Speaker: James Denison
This paper looks at Regionalism in the early-to-mid-twentieth-century United States through an expansive lens, understanding it as a broader phenomenon characterized by a metropolitan fascination with the supposedly unique character of particular portions of the United States that were considered representative of the nation as a whole. This phenomenon extended beyond the Midwest to other regions, including New England and the Southwest, that became objects of fascination for cosmopolitan cultural interpreters. Though there is sometimes a perception that Midwestern Regionalists and contemporaneous American modernists were opposing camps, both pursued artistic projects to which celebrating ostensibly unchanging American regions was central. The principal contention of this paper is that, in all of its iterations, Regionalism was fundamentally rooted in racialized conceptions of place. Like the perception that race was a factual and immutable categorization system, Regionalism was founded on a false notion of unchanging realities and traditional identities.
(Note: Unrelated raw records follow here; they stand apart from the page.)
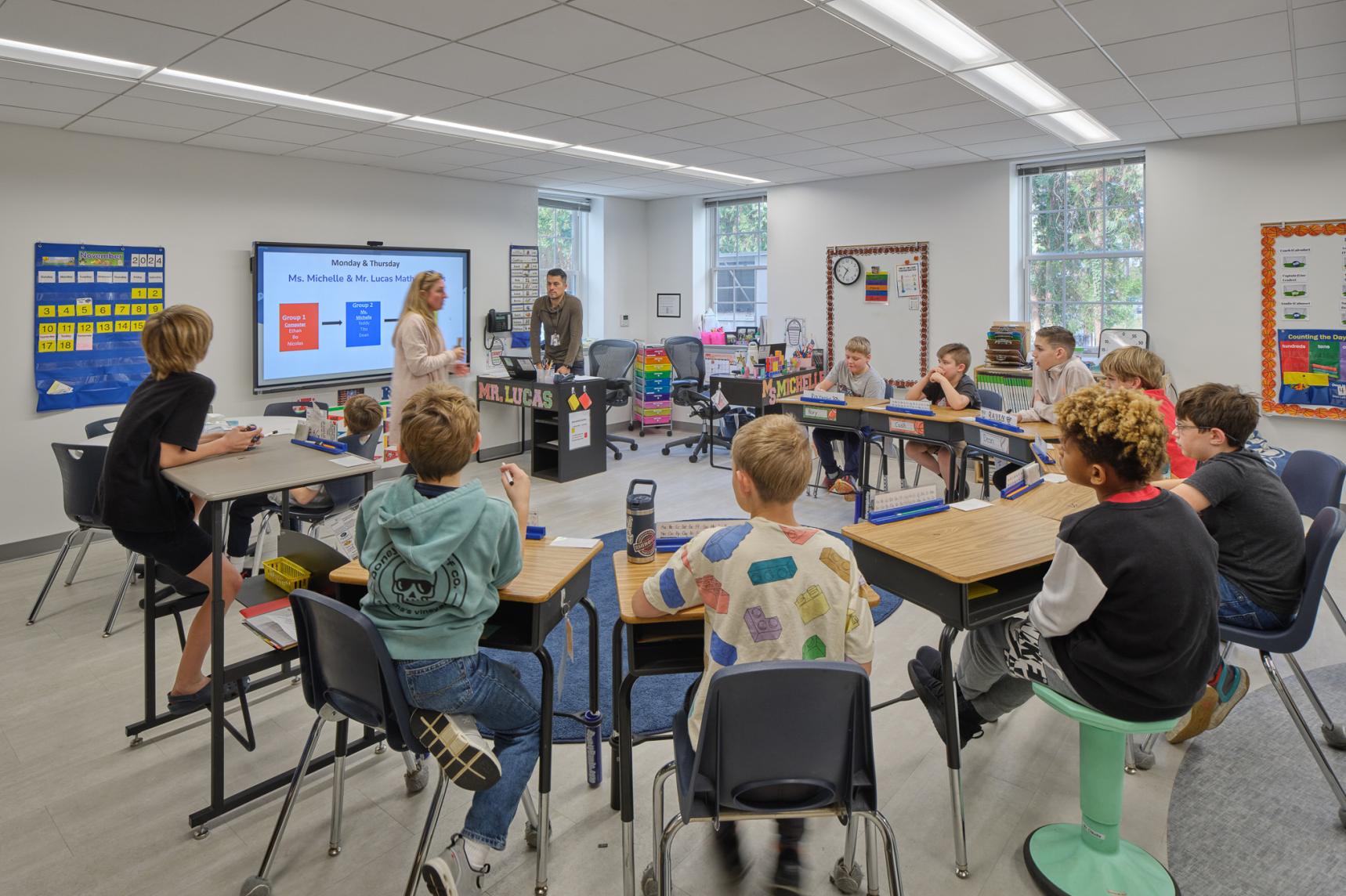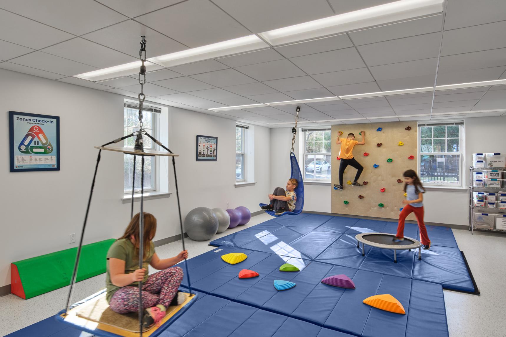 Lord Aeck Sargent successfully completed the renovation and conversion of a three-story, 28,440-square-foot building in Bethesda, Maryland, for the Diener School. The project transformed the existing structure into a state-of-the-art educational facility tailored to the needs of the school's neurodiverse K-8 student population. The design involved the full interior conversion of the former office building to create specialized learning spaces, integrating therapeutic support services directly into the classrooms. The exterior was also enhanced to include outdoor play areas, providing students with spaces for physical activity and experiential learning. This renovation marks the completion of the first phase of the Diener School’s expansion. Future phases are anticipated to include the addition of a gymnasium and expanded recreational areas, further supporting the school’s projected enrollment growth. Throughout the project, the design team ensured that the building met all local standards while maintaining sensitivity to the surrounding natural environment.
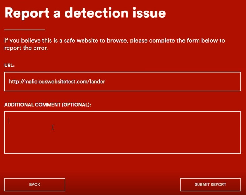 When the Block detection mode is selected, users are not able to bypass any block pages that appear. Block pages in Block mode prevent the user from accessing the relevant downloaded file or the relevant URL. "Block" website block pages enable users to "report a detection issue." Users can "report a detection issue" when a block page appears for a certain site, but the user believes that the site is safe to visit. After submitting the issue, the user will be not be given access to the site - until the site is approved by the FortiMail Workspace Security IR Team. |
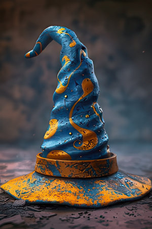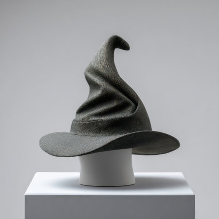 This image showcases a unique wizard hat design presented on a minimalist stand, perfect for fashion or costume themes. The gray texture adds depth.
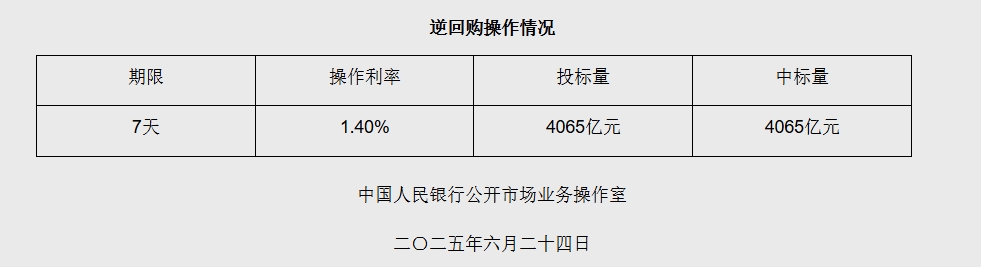 中新网6月24日电 据央行网站消息,2025年6月24日中国人民银行以固定利率、数量招标方式开展了4065亿元逆回购操作。具体情况如下:
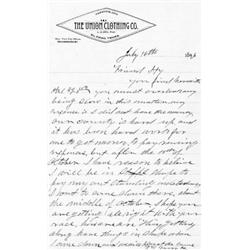 <b>1389. PATRICK F. GARRETT</b> (1850 - 1908) American frontier lawman who tracked down and killed Billy the Kid, he later organized the LS Pat Garrett Rangers to put down cattle rustling in the Texas Panhandle. Good content and rather cryptic A.L.S. "<i>P. F. Garrett</i>" on Union Clothing Company letterhead, 1p. 8vo., El Paso, July 16, 1896 to his old friend Hy Bowles. While running for sheriff, Garrett settles a $20 debt owed to Bowles, apologizing for his lateness in paying. He notes: <i>"ÉMy excuse is I did not have the money. Our country is hard up, and it has been hard work for me to get money to pay running expensesÉI have reason to believe I will be in shape to pay my outstanding indebtednessÉI hope you are getting all right with your race. How are `they' getting along, have things in shape when I come down and we will play at the gameÉ</i>". Fine condition.<b> $2,000-3,000</b>
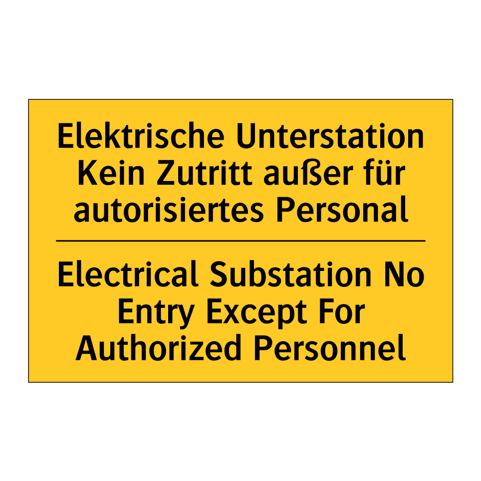 Zweisprachiges Warnschild mit deutschem Text Elektrische Unterstation Kein Zutritt außer für autorisiertes Personal und englischem Text Electrical Substation No Entry Except For Authorized Personnel

The fundamental appeal of Regionalism was otherness, and much of this otherness was constructed around the racial identities of the populations (or imagined populations) of these distant provinces. In some instances (New England, the Midwest) the appeal was an alleged racial and ethnic purity that had supposedly been lost in diverse urban environments, while in others (i.e. the Southwest) interest was rooted in the simultaneous supposed exoticism and nationally representative character of Native Americans.
Drawing on examples from the second Stieglitz Circle, Denison uses Georgia O’Keeffe’s representations of objects and places from Southwestern Indigenous communities, John Marin’s pictures from his attempted assimilation into a “Yankee” community on the Maine coast, and Marsden Hartley’s white-supremacism-inspired paintings from his late-career return to Maine to demonstrate the breadth of racialized Regionalist practices in the interwar era. Finally, he returns to Midwestern examples to reconsider how Middle America was, though not a frequent tourist destination in the interwar era like some other regions were, nonetheless a place whose racialization helped it play a key role in metropolitan Americans’ notions of national identity.
Biography:
James Denison studies connections between racism and U.S. art and visual culture. A native of the Washington, DC area and a graduate of Bowdoin College, he completed his PhD in art history at the University of Michigan in 2023. At Michigan he wrote a dissertation on the connections between the Stieglitz Circle artists and racism in the interwar U.S. He is currently a postdoctoral fellow at Kalamazoo College and the Kalamazoo Institute of Arts. He has previously been awarded fellowships from the Amon Carter Museum of American Art, the Birmingham Museum of Art, the Philadelphia Museum of Art, Rackham Graduate School, the University of Michigan Institute for the Humanities, and the University of Michigan History of Art Department.